» EXERCISE PROMPT:
Reproduce nothing beyond the line containing "2. MÁY NƯỚC NÓNG TRUNG TÂM NEFA XD-200L". From the first line of the data below down to it, copy each line exactly, without the pictures.

>>>>>

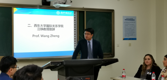 (图:美国西东大学外交与国际关系学院汪铮教授致辞)
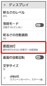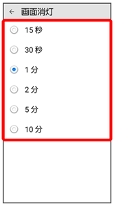 | 画面消灯 | 一定時間操作をしなかったときに、画面が自動消灯するまでの時間を設定します。 | |
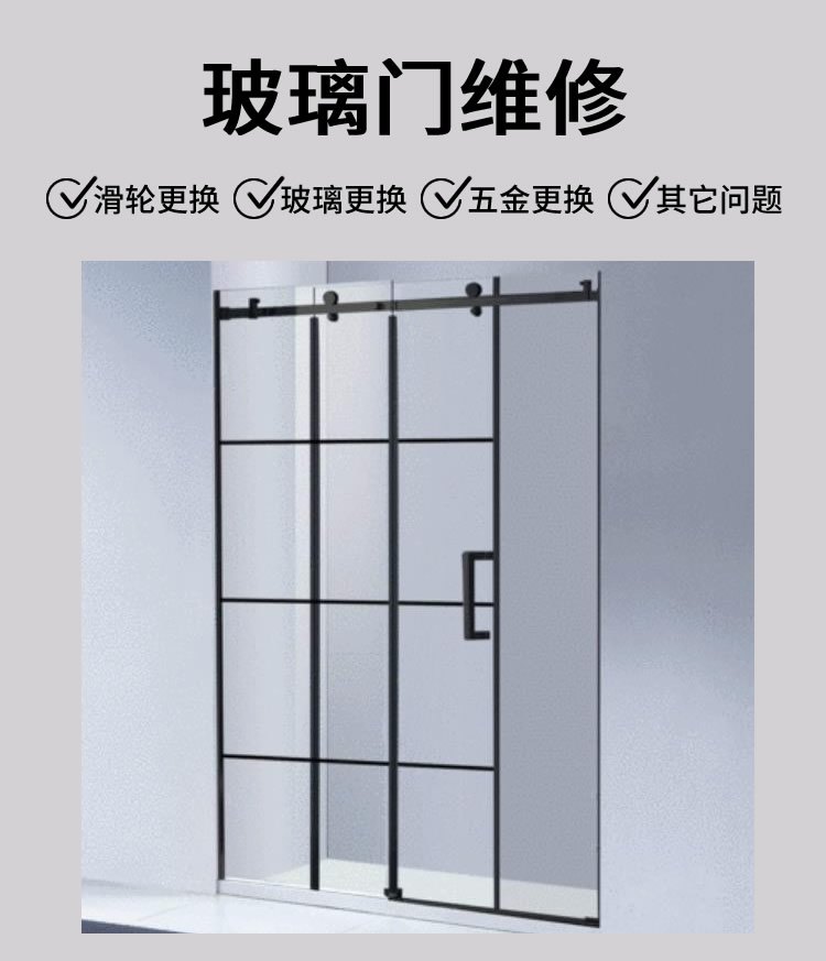 玻璃门坏了找享哈,享哈为用户提供玻璃更换、滑轮更换、五金更换等问题。
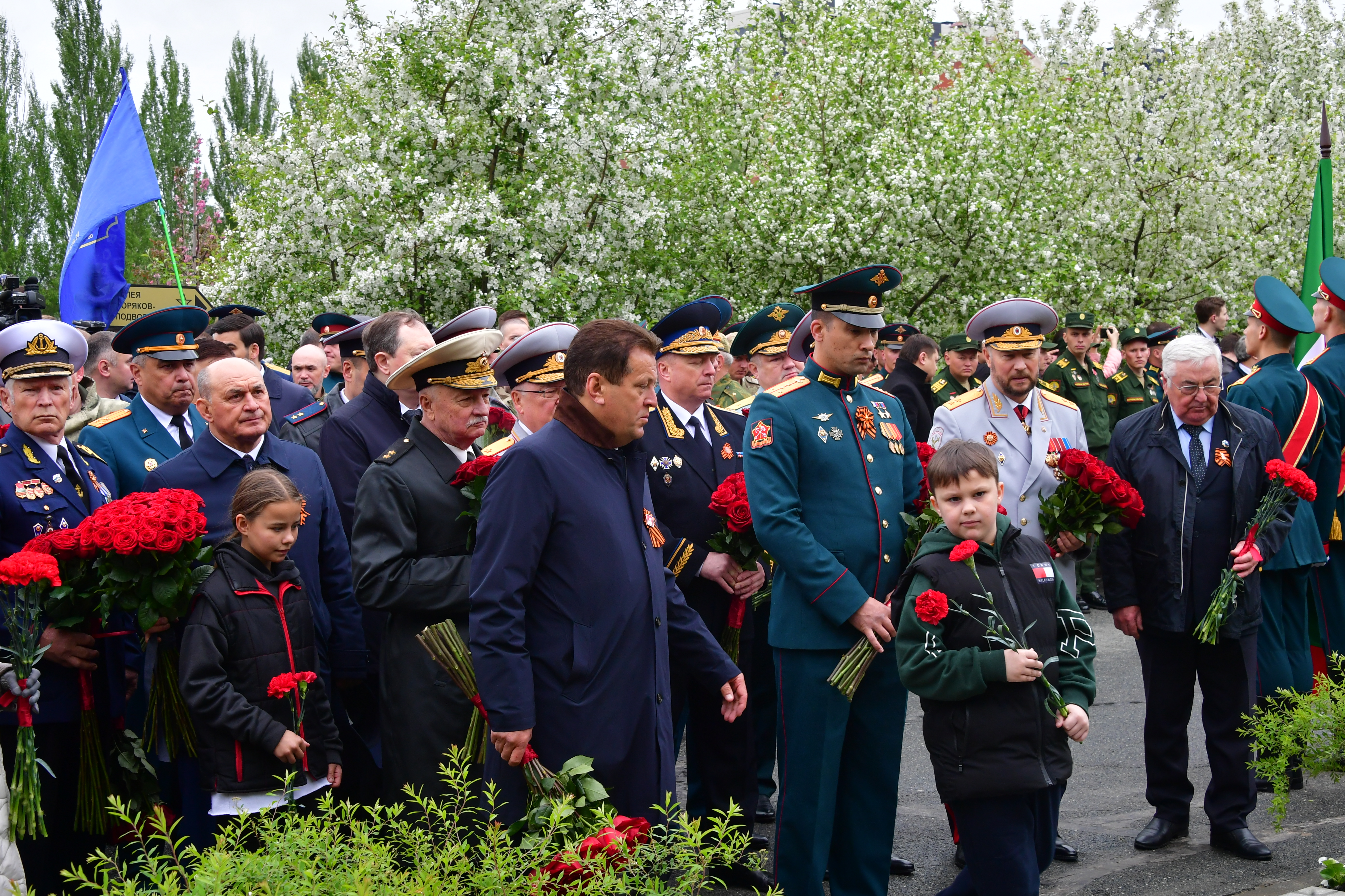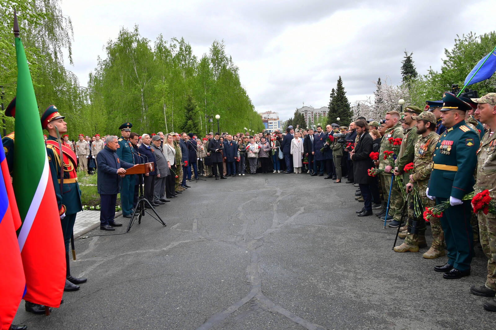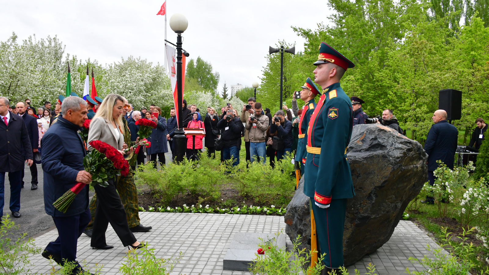 В День Победы Раис Татарстана Рустам Минниханов принял участие в торжественном митинге, посвященном установке памятного камня на месте строительства мемориального комплекса участникам Специальной военной операции. Церемония прошла в Парке Победы.
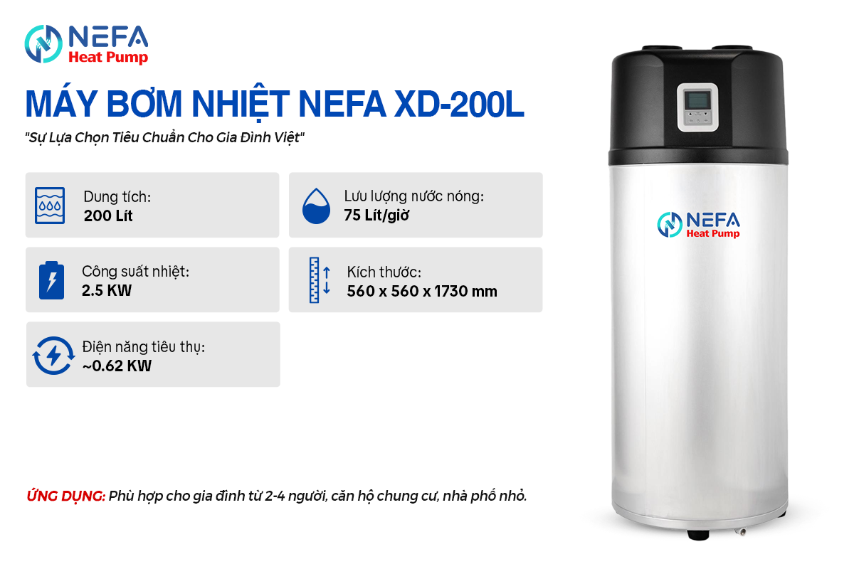 2. MÁY NƯỚC NÓNG TRUNG TÂM NEFA XD-200L
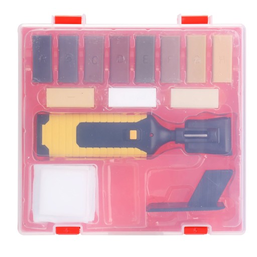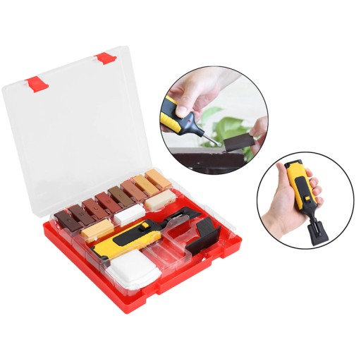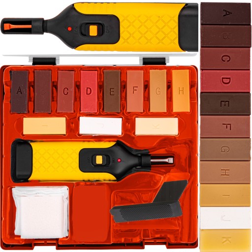 Zestaw umożliwi ci samodzielną naprawę powierzchni drewnianych np. paneli podłogowych, parkietu, ram okiennych oraz mebli. Sprawdzi się w twoim domu i sprawi, że twoje meble odzyskają swoje walory. Zestaw naprawi różne rysy, nawiercenia, obtarcia czy pęknięcia. Doskonale sprawdzi się dla osób mających dzieci, które narzekają na uszkodzenia przez nich wyrządzone. W zestawie znajdziesz aż 11 szt wosku różnego koloru, szpachelkę, polerkę, czyścik, urządzenie do topienia wosku, skrobak, ściereczkę.
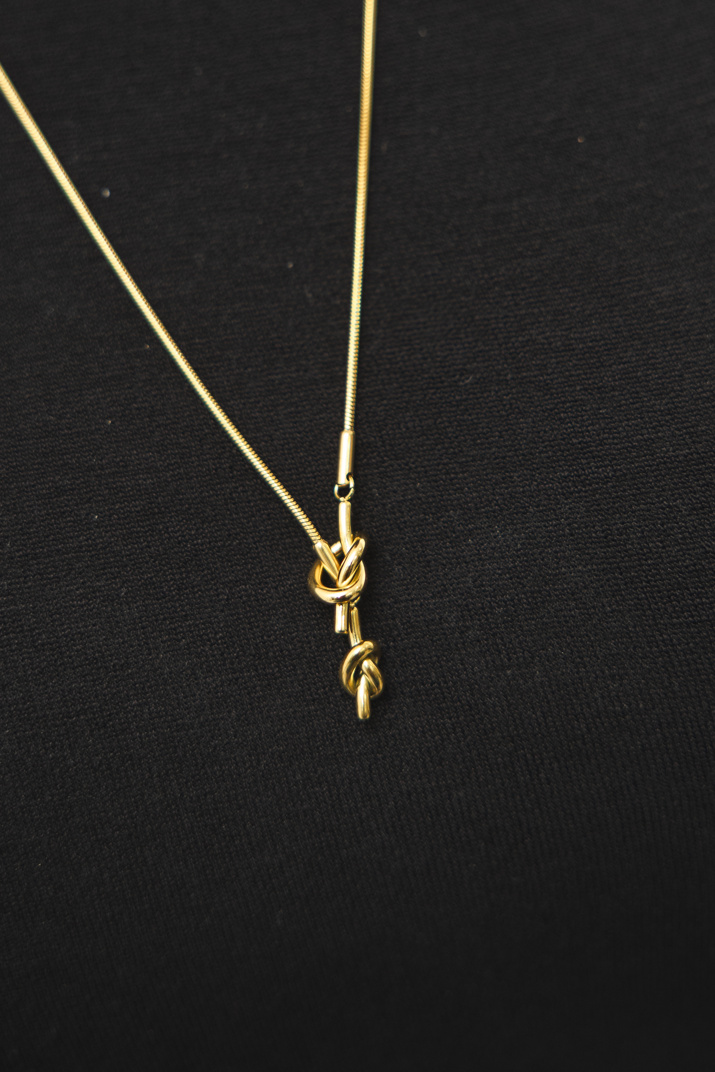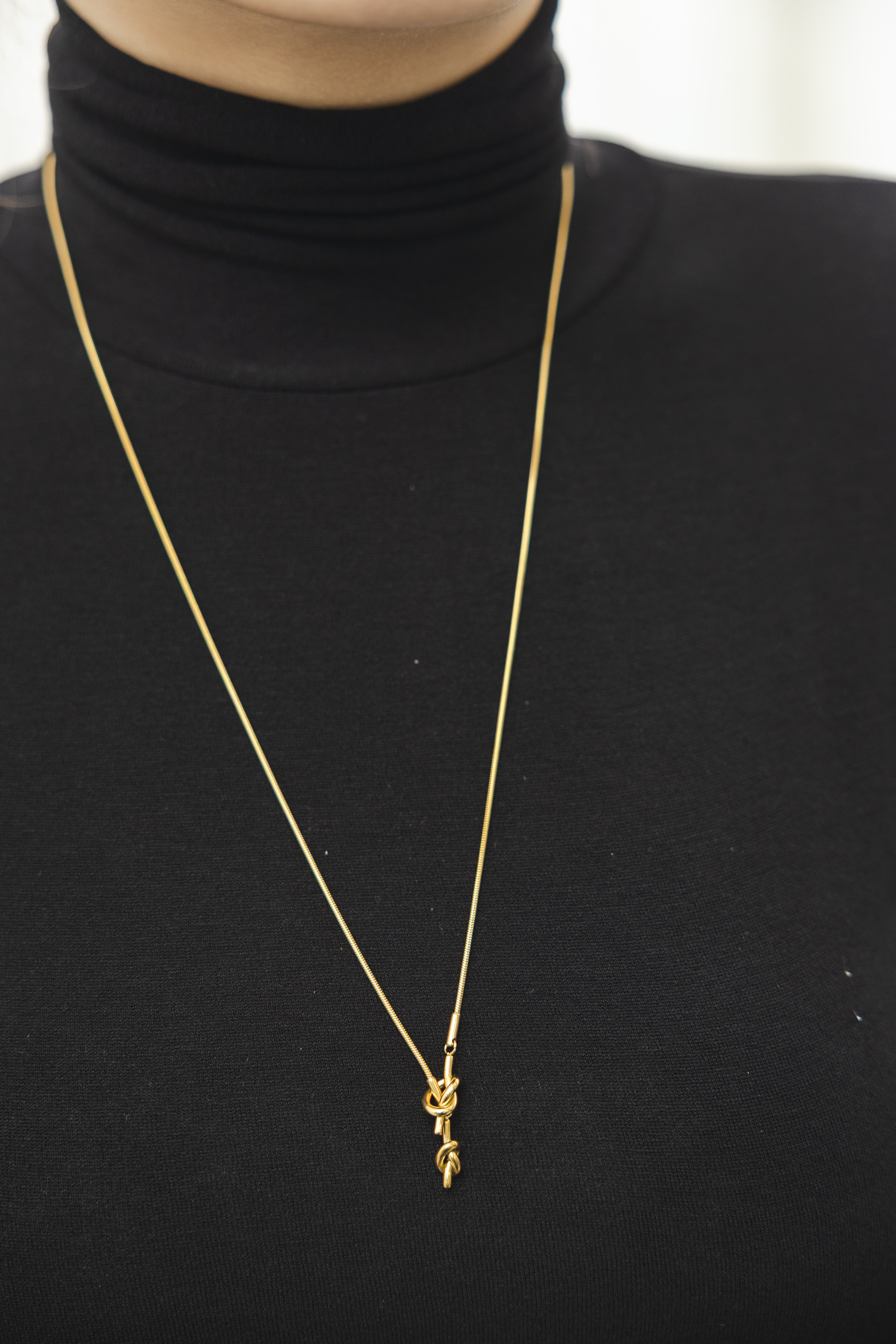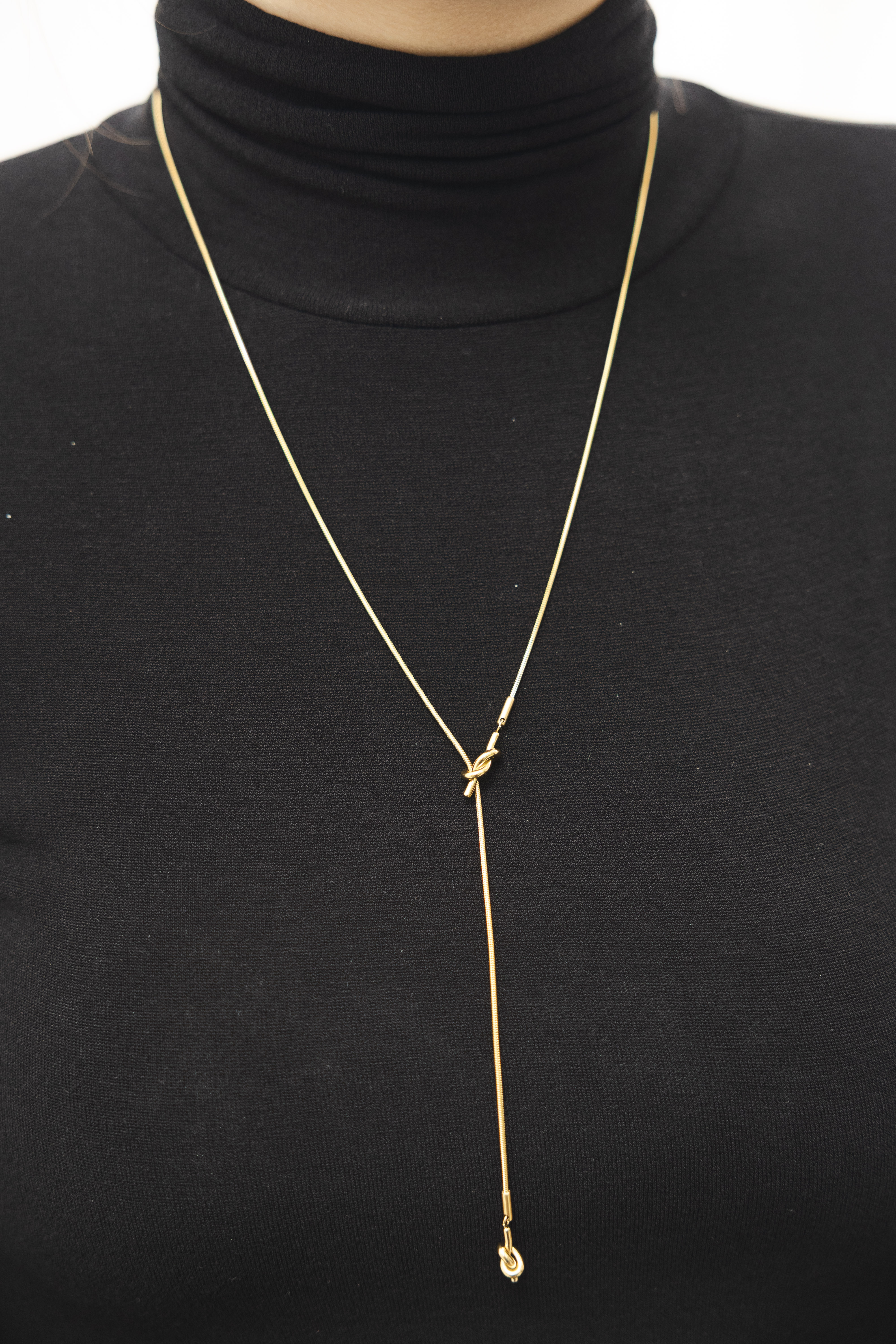 목걸이 兩扭結可調節Y字細蛇鍊項鍊 / 金色
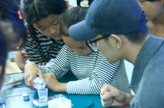 手工课上,支教队员钟维健带领学生到操场就地取材,收集手工材料,亲近大自然。他示范操作过程,引导学生分组调配胶水、固定花草昆虫等,让学生从不懂到做出优秀作品,很好地提高了学生的动手实践能力。
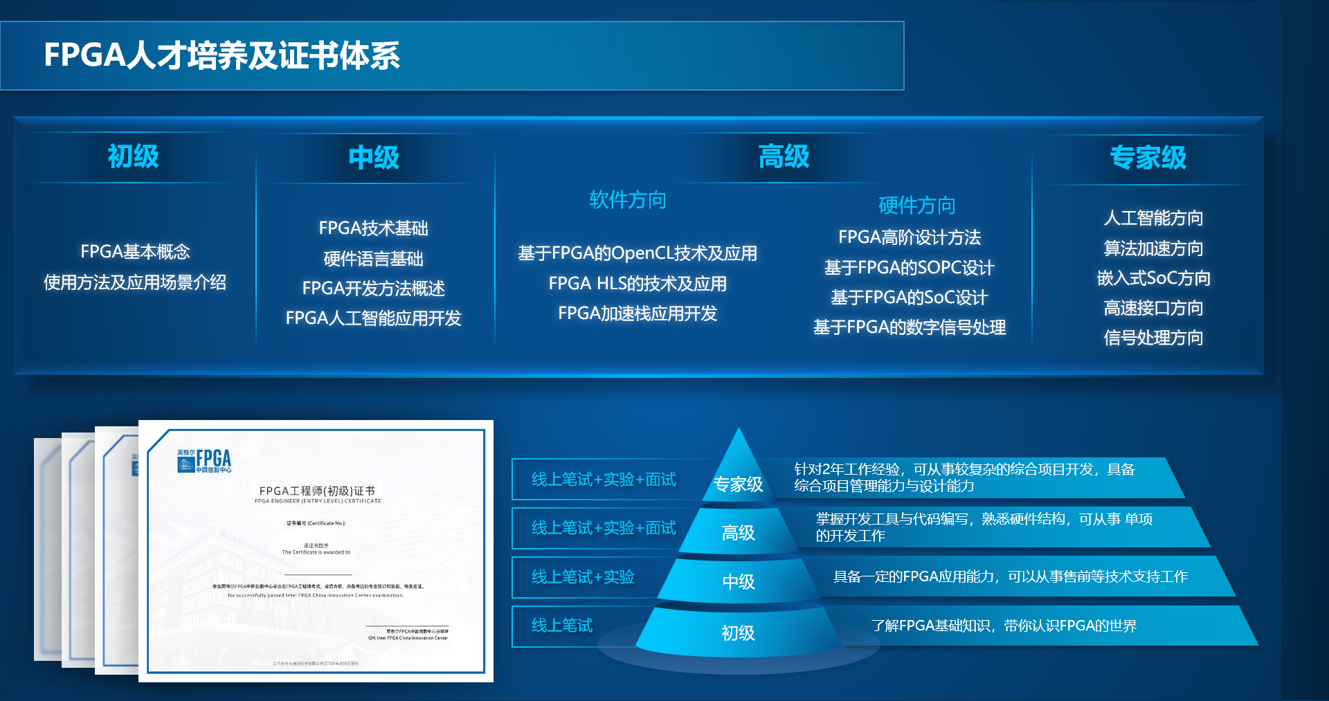 英特尔FPGA中国创新中心资深讲师徐栋玲,从4个方面为3044永利集团有限公司的同学展开讲解,分别是“芯时代与FPGA”、“如何学习FPGA技术”、“FPGA人才发展现状”、“英特尔FPGA中国创新中心”。徐老师从时代背景出发,为员工介绍了FPGA技术在各个领域的应用;又从技术角度出发,为员工深入讲解了如何学习FPGA技术;然后从国内FPGA人才发展现状入手,为员工分析了FPGA与人工智能方向的就业前景;最后,徐老师介绍了英特尔FPGA中国创新中心,使员工了解到创新中心的职能和FPGA人才培养体系。
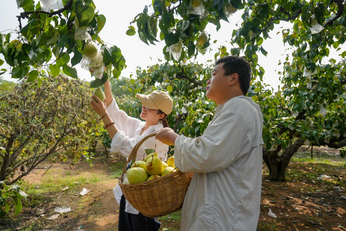 走进梨园,一派热闹景象扑面而来。果农们穿梭林间,熟练地采摘、分拣果实;游客们则手提果篮,或亲手摘梨体验劳作乐趣,或拍照记录金秋景致。“咔嚓一口满是清甜,还带着阳光的味道!”来自市区的游客王先生品尝后连连称赞,不少家庭更是拎着满满一篮果实,还额外订购几箱寄给远方亲友。孩子们在树下奔跑欢呼,情侣们定格甜蜜瞬间,欢声笑语在秋日的梨园中久久回荡。

<<<<<

» REPLY TO THE EXERCISE:
 (图:美国西东大学外交与国际关系学院汪铮教授致辞)
 | 画面消灯 | 一定時間操作をしなかったときに、画面が自動消灯するまでの時間を設定します。 | |
 玻璃门坏了找享哈,享哈为用户提供玻璃更换、滑轮更换、五金更换等问题。
 В День Победы Раис Татарстана Рустам Минниханов принял участие в торжественном митинге, посвященном установке памятного камня на месте строительства мемориального комплекса участникам Специальной военной операции. Церемония прошла в Парке Победы.
 2. MÁY NƯỚC NÓNG TRUNG TÂM NEFA XD-200L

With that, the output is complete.